Everything in the listing below must be reproduced exactly, apart from its images.

> **PROVIDED DATA**
────────────────────────────────────────

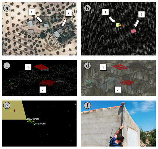 Measurement of roof corners for ground control/check points: (a) aerial image of two agricultural sheds (1,2) used for ground control/check points extraction; (b) LiDAR point cloud with the flat roofs of the sheds marked; (c) minimum bounding rectangles adjusted to the LiDAR points located on top of the flat shed roofs. LiDAR point cloud is also represented; (d) minimum bounding rectangles adjusted to the LiDAR points located on top of the flat shed roofs. DSM is represented; (e) corner of the minimum bounding box and field-measured GNSS. The distance represents the error between the corner measured in field (with GNSS) and that computed with the minimum bounding box adjusted to the LiDAR points on top of the roof; (f) GNSS field-measurement of a shed roof corner.
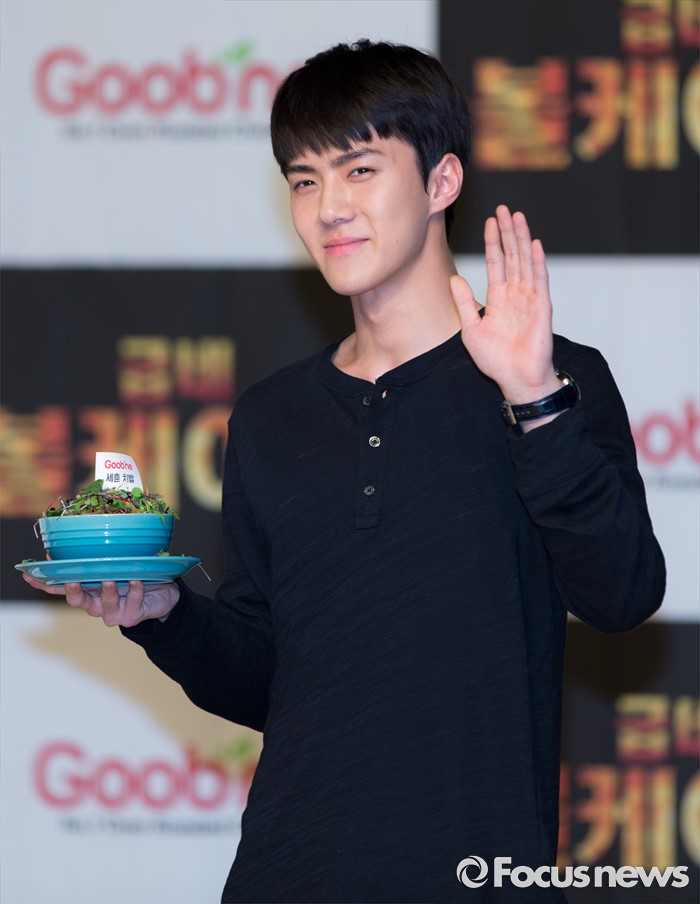 (서울=포커스뉴스) 29일 오후 서울 강남구 일지아트홀에서 열린 '굽네 볼케이노와 함께하는 엑소(EXO) 치밥 쿠킹 팬사인회'에서 세훈이 포즈를 취하고 있다.
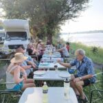 Wir fahren weiter in Richtung Osten. Heute passieren wir die Grenze von Botswana nach Namibia. Wir haben eine kurze Fahrt vor uns, die vor der Grenze noch einmal durch den Chobe N.P. führt. Die Ausreise aus Botswana ist völlig unproblematisch und schnell erledigt. In Namibia sind einige Formulare auszufüllen und eine Straßennutzungsgebühr zu begleichen. Dann sind wir im vierten Land unserer Reise im südlichen Afrika. Katima Mulilo erreichen wir leider gerade zur Schließzeit des Alkoholverkaufes. Es ist Sonnabendnachmittag. Am Wochenende gibt es keinen Alkohol. Das kennen wir ja schon aus skandinavischen Ländern. Problematisch ist nur, dass auch der MTC-Telefonladen keine Lust mehr hat, noch so vielen eine Telefonkarte einzurichten. Wir werden auf Montag vertröstet. Am Abend findet unsere erste Campertafel statt. Alle haben sich viel Mühe gegeben und schmackhafte Gerichte zubereitet. Auch die Steaks und Bratwürste waren lecker. Bei lustigen Geschichten verlief der Abend in einer schönen Atmosphäre. Alle sind sich einig, das war nicht unsere letzte Campertafel auf dieser Reise.

────────────────────────────────────────

> **WRITTEN REPLY**
 Measurement of roof corners for ground control/check points: (a) aerial image of two agricultural sheds (1,2) used for ground control/check points extraction; (b) LiDAR point cloud with the flat roofs of the sheds marked; (c) minimum bounding rectangles adjusted to the LiDAR points located on top of the flat shed roofs. LiDAR point cloud is also represented; (d) minimum bounding rectangles adjusted to the LiDAR points located on top of the flat shed roofs. DSM is represented; (e) corner of the minimum bounding box and field-measured GNSS. The distance represents the error between the corner measured in field (with GNSS) and that computed with the minimum bounding box adjusted to the LiDAR points on top of the roof; (f) GNSS field-measurement of a shed roof corner.
 (서울=포커스뉴스) 29일 오후 서울 강남구 일지아트홀에서 열린 '굽네 볼케이노와 함께하는 엑소(EXO) 치밥 쿠킹 팬사인회'에서 세훈이 포즈를 취하고 있다.
 Wir fahren weiter in Richtung Osten. Heute passieren wir die Grenze von Botswana nach Namibia. Wir haben eine kurze Fahrt vor uns, die vor der Grenze noch einmal durch den Chobe N.P. führt. Die Ausreise aus Botswana ist völlig unproblematisch und schnell erledigt. In Namibia sind einige Formulare auszufüllen und eine Straßennutzungsgebühr zu begleichen. Dann sind wir im vierten Land unserer Reise im südlichen Afrika. Katima Mulilo erreichen wir leider gerade zur Schließzeit des Alkoholverkaufes. Es ist Sonnabendnachmittag. Am Wochenende gibt es keinen Alkohol. Das kennen wir ja schon aus skandinavischen Ländern. Problematisch ist nur, dass auch der MTC-Telefonladen keine Lust mehr hat, noch so vielen eine Telefonkarte einzurichten. Wir werden auf Montag vertröstet. Am Abend findet unsere erste Campertafel statt. Alle haben sich viel Mühe gegeben und schmackhafte Gerichte zubereitet. Auch die Steaks und Bratwürste waren lecker. Bei lustigen Geschichten verlief der Abend in einer schönen Atmosphäre. Alle sind sich einig, das war nicht unsere letzte Campertafel auf dieser Reise.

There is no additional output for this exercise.